■ The data ■
=-=-=-=-=

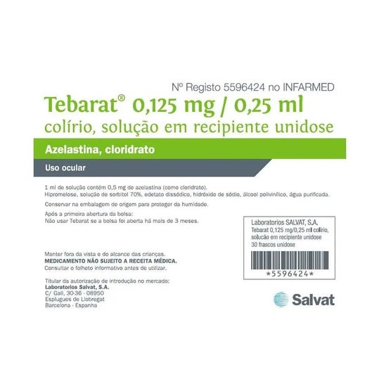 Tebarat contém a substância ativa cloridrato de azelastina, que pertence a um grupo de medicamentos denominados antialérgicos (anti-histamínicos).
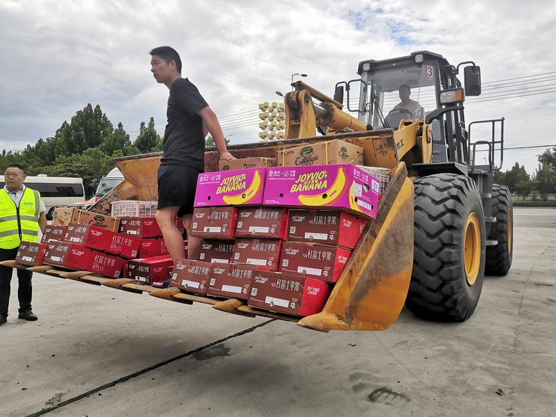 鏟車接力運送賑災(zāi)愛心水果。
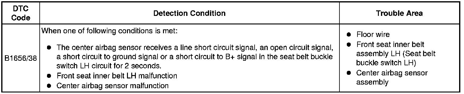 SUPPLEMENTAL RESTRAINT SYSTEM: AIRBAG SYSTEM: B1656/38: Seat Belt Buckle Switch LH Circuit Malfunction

=-=-=-=-=

■ Work item ■
Every line above must be printed again exactly, pictures excluded.

■ Answer to this exercise ■
 Tebarat contém a substância ativa cloridrato de azelastina, que pertence a um grupo de medicamentos denominados antialérgicos (anti-histamínicos).
 鏟車接力運送賑災(zāi)愛心水果。
 SUPPLEMENTAL RESTRAINT SYSTEM: AIRBAG SYSTEM: B1656/38: Seat Belt Buckle Switch LH Circuit Malfunction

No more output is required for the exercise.